EXERCISE GOAL: Would you restate, word for word, only the lines starting at the one with "3.截至发稿,WTI原油涨0" and ending with the final line of the entries below? Pictures stay out.

.....

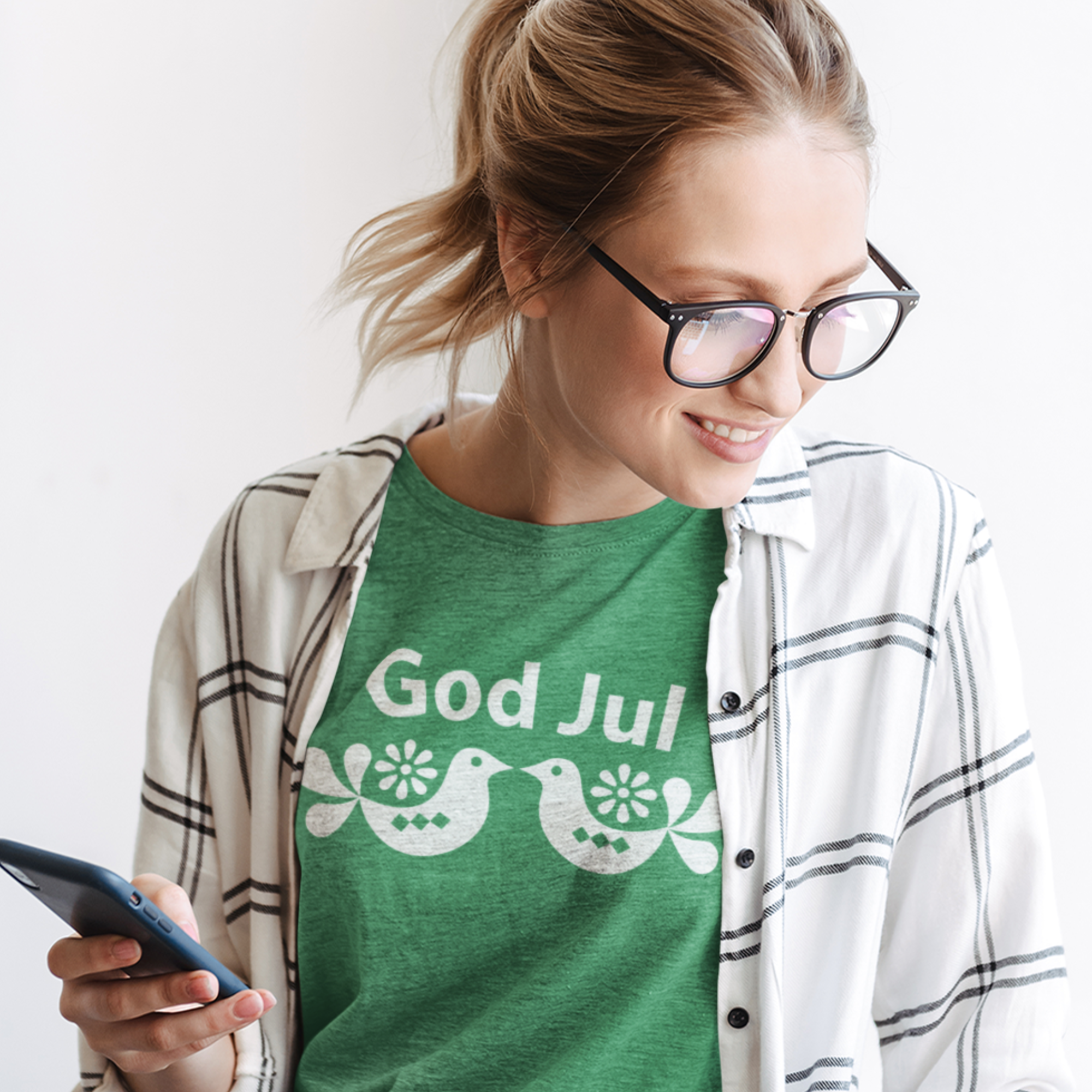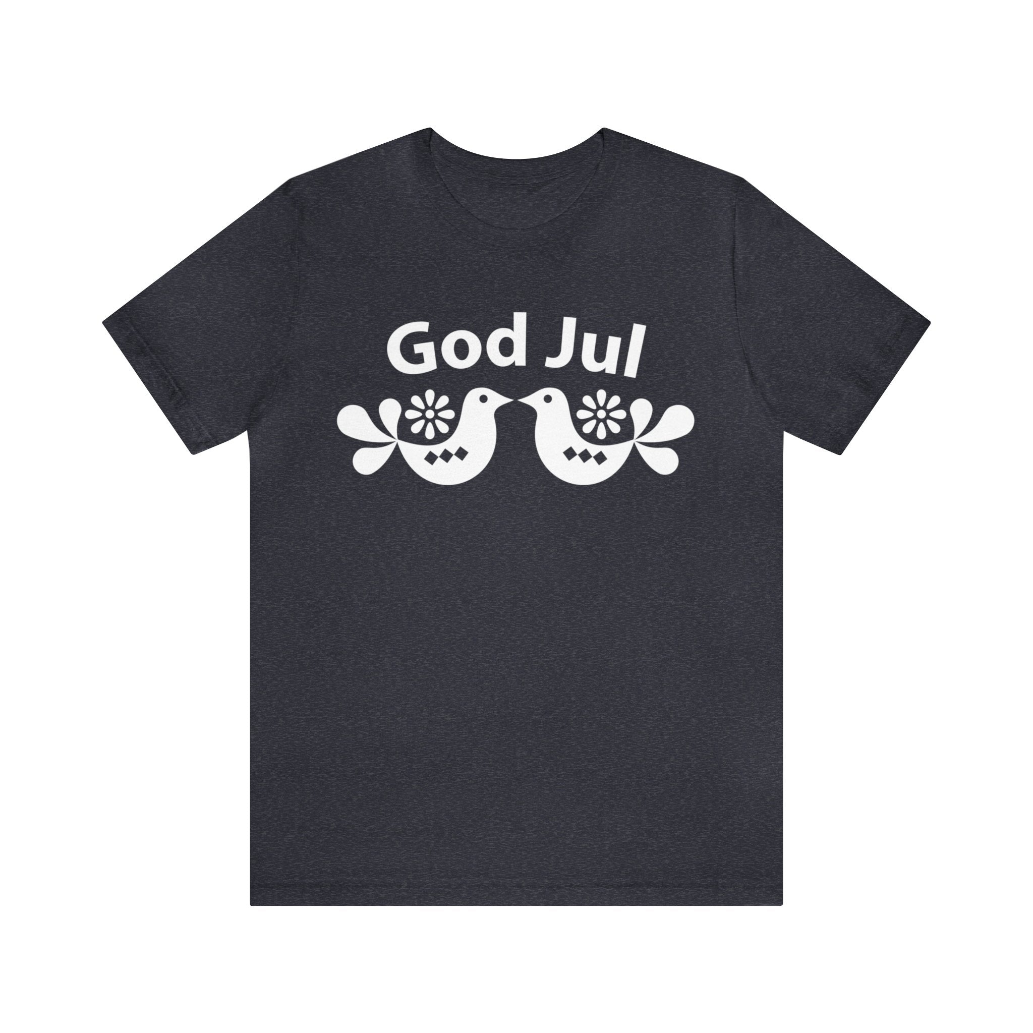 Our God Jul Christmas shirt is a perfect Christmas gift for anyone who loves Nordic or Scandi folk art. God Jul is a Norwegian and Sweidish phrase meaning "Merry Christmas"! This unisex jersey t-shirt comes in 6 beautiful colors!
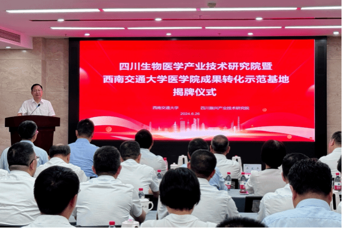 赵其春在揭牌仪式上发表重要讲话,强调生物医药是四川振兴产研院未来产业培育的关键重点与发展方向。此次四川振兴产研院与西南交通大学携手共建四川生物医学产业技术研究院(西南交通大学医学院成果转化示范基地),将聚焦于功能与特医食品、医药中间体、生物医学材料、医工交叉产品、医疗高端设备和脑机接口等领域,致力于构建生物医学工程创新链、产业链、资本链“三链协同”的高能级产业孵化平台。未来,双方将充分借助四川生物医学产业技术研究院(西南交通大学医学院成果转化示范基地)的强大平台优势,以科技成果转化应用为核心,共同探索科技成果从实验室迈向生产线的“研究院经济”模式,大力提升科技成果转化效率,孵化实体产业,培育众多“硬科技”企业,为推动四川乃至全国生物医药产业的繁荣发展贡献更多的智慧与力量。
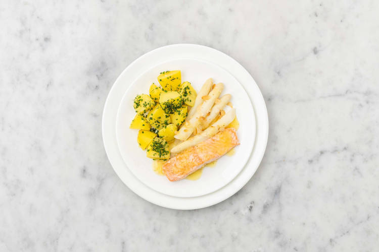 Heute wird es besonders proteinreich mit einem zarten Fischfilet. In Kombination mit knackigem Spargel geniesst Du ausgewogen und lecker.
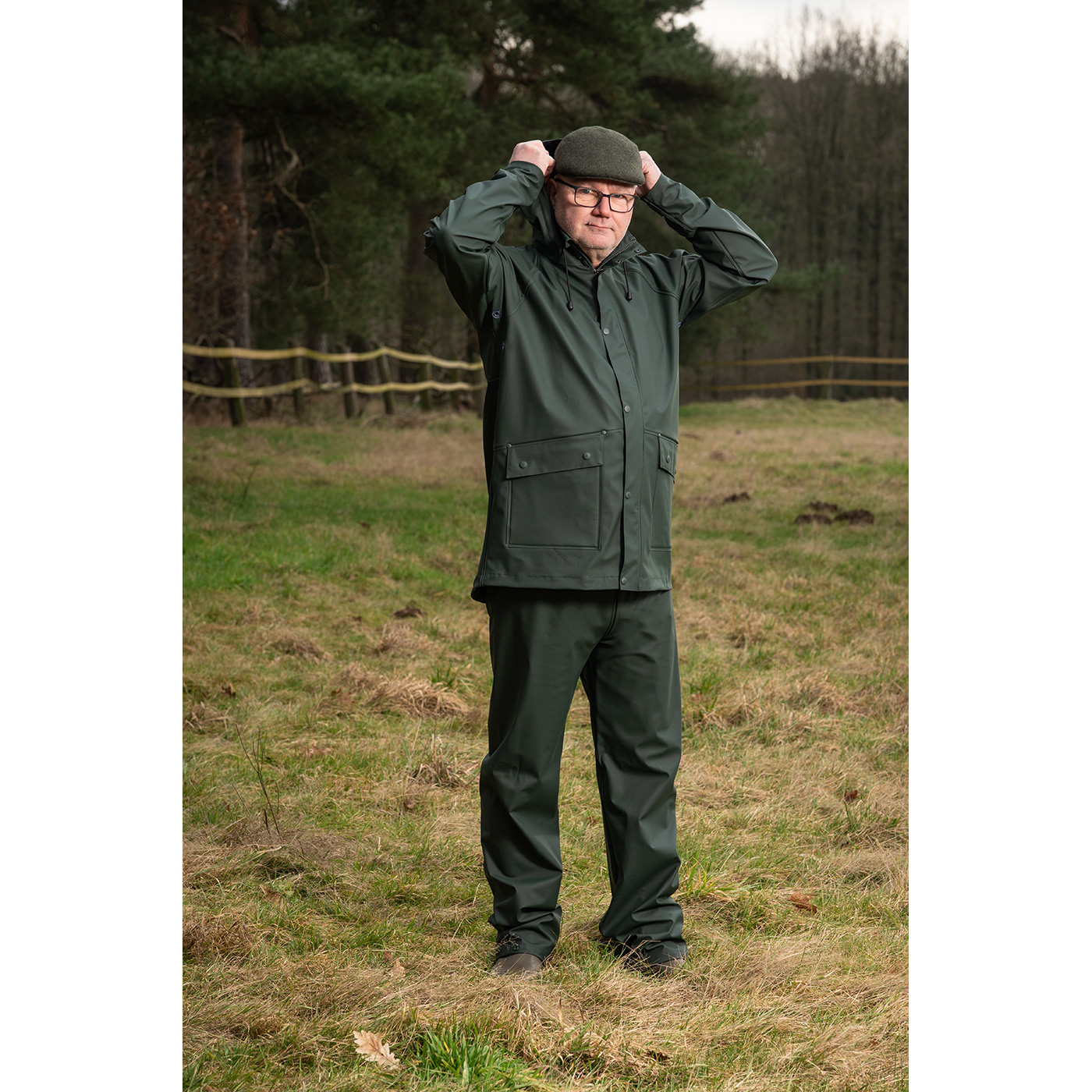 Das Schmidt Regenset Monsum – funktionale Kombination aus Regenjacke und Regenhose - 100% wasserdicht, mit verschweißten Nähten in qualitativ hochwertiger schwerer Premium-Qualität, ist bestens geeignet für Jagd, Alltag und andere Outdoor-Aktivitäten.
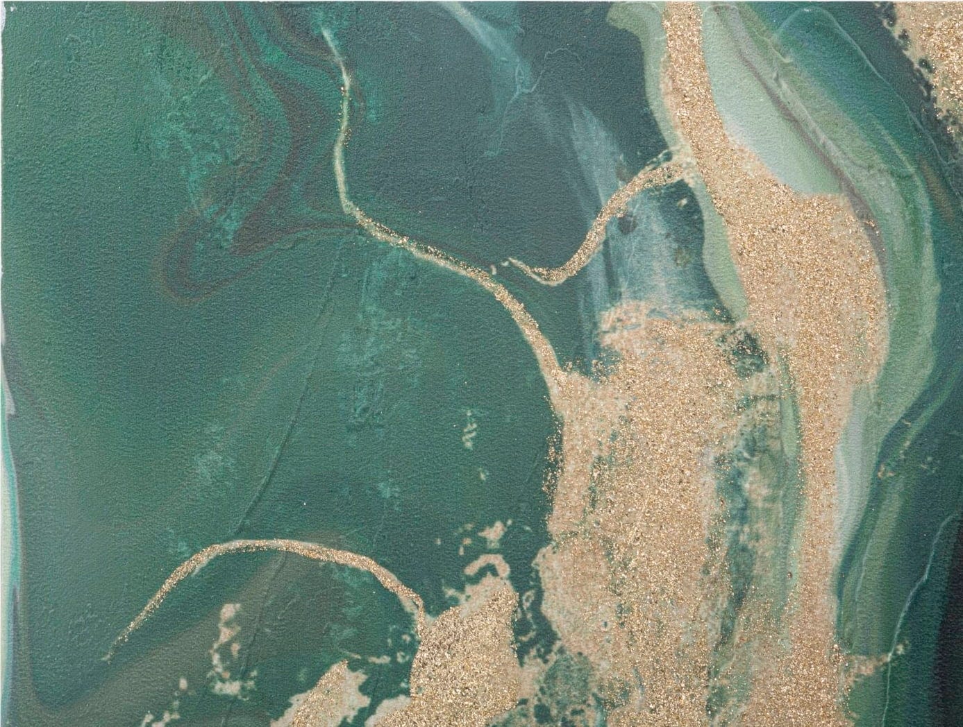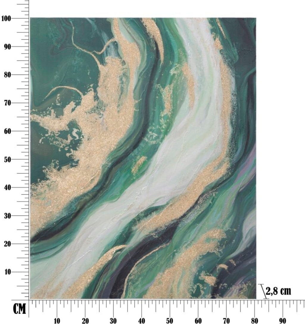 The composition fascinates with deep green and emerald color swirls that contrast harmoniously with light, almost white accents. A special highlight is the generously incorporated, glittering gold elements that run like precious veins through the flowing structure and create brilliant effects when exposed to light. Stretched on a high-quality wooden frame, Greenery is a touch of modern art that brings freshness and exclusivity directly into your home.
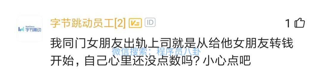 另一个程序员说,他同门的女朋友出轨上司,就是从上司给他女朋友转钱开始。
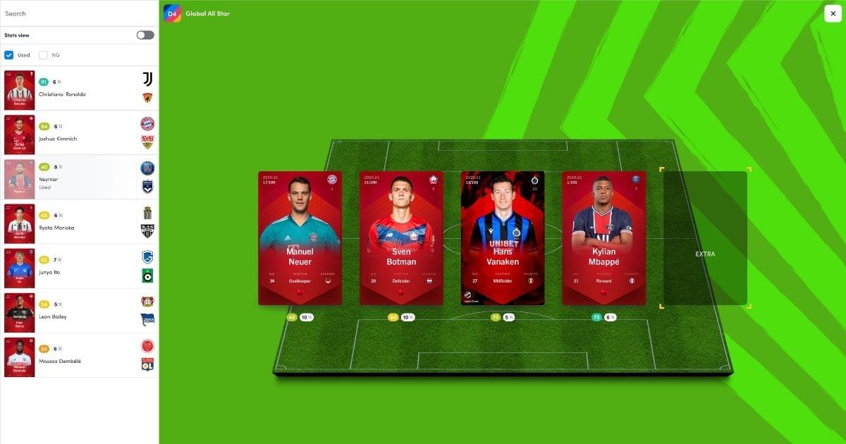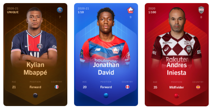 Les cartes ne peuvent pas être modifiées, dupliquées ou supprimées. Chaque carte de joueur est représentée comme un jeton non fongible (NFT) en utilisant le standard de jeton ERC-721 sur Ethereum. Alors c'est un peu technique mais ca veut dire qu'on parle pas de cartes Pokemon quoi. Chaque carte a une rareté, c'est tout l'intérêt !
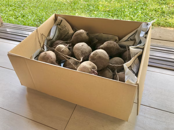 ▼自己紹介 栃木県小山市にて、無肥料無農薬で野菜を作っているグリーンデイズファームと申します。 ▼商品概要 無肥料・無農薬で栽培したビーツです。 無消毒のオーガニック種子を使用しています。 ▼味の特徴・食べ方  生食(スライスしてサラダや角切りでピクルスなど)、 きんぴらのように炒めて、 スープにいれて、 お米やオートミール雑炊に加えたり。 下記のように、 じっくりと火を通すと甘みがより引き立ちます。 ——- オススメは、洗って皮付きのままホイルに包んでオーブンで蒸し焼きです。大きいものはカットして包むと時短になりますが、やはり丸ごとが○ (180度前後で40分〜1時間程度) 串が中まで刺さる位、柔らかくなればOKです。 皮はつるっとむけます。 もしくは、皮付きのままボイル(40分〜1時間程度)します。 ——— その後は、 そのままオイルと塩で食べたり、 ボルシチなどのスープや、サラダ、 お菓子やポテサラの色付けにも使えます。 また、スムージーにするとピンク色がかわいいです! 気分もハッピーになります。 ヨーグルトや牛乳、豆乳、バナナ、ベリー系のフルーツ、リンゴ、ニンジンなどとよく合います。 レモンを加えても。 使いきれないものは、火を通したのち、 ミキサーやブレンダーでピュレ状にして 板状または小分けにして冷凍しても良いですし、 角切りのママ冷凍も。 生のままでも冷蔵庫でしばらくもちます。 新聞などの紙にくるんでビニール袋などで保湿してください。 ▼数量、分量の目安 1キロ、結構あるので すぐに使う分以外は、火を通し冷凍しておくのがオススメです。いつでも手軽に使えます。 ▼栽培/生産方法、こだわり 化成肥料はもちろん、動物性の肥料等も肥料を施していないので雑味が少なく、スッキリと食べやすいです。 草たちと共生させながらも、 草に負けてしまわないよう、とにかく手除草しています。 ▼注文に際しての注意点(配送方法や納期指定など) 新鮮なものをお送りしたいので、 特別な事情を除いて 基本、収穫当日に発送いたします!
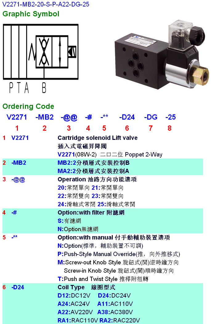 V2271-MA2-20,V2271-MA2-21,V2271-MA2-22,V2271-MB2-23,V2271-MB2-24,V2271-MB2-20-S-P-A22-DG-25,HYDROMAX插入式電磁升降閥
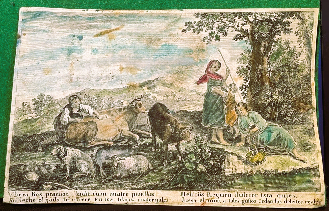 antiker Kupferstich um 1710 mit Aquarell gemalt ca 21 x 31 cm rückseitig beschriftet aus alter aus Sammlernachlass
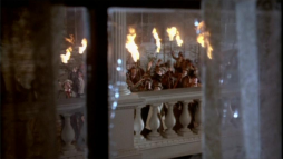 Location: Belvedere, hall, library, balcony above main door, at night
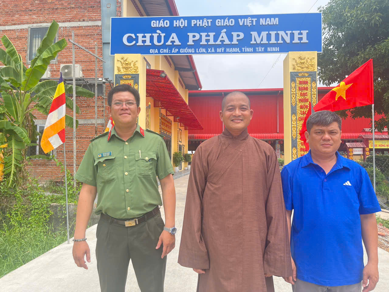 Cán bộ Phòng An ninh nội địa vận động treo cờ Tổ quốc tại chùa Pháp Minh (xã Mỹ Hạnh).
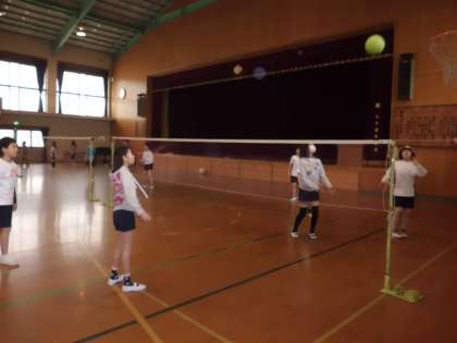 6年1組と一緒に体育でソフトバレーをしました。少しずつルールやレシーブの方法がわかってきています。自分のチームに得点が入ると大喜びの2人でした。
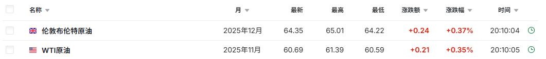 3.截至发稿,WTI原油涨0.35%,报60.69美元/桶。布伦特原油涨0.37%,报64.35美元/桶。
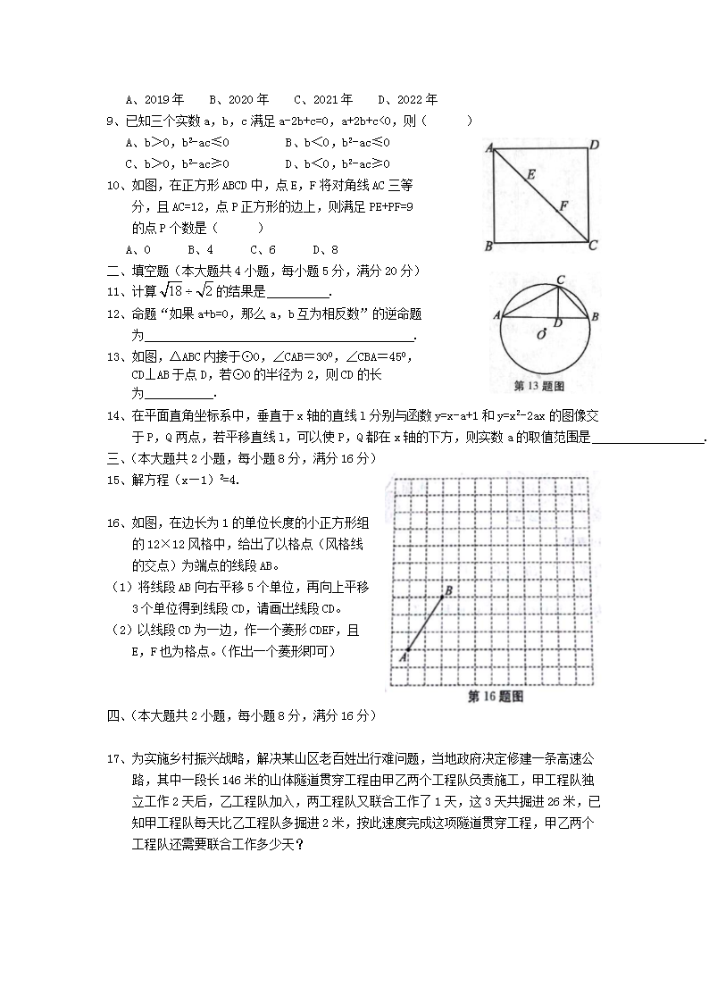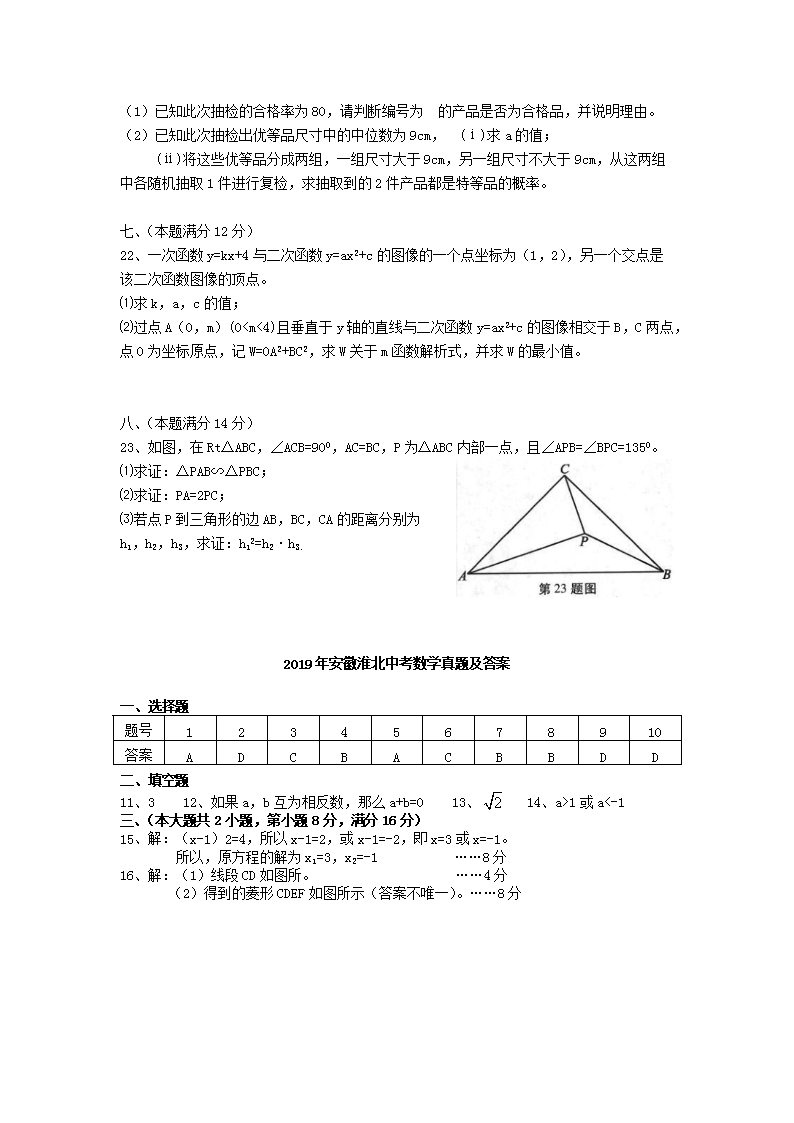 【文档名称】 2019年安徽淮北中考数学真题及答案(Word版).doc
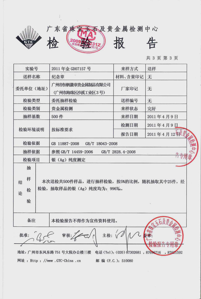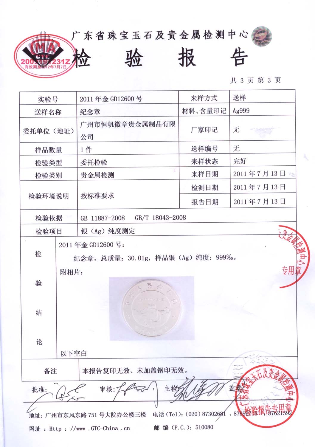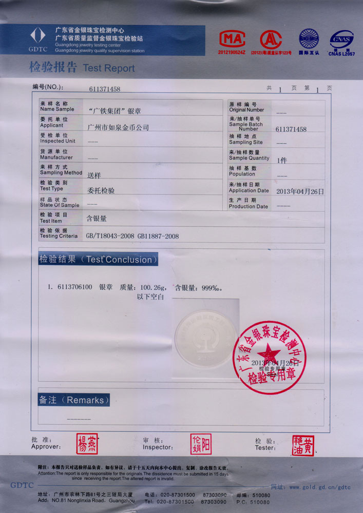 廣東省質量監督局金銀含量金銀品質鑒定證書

.....

SOLVED PROBLEM:
 3.截至发稿,WTI原油涨0.35%,报60.69美元/桶。布伦特原油涨0.37%,报64.35美元/桶。
 【文档名称】 2019年安徽淮北中考数学真题及答案(Word版).doc
 廣東省質量監督局金銀含量金銀品質鑒定證書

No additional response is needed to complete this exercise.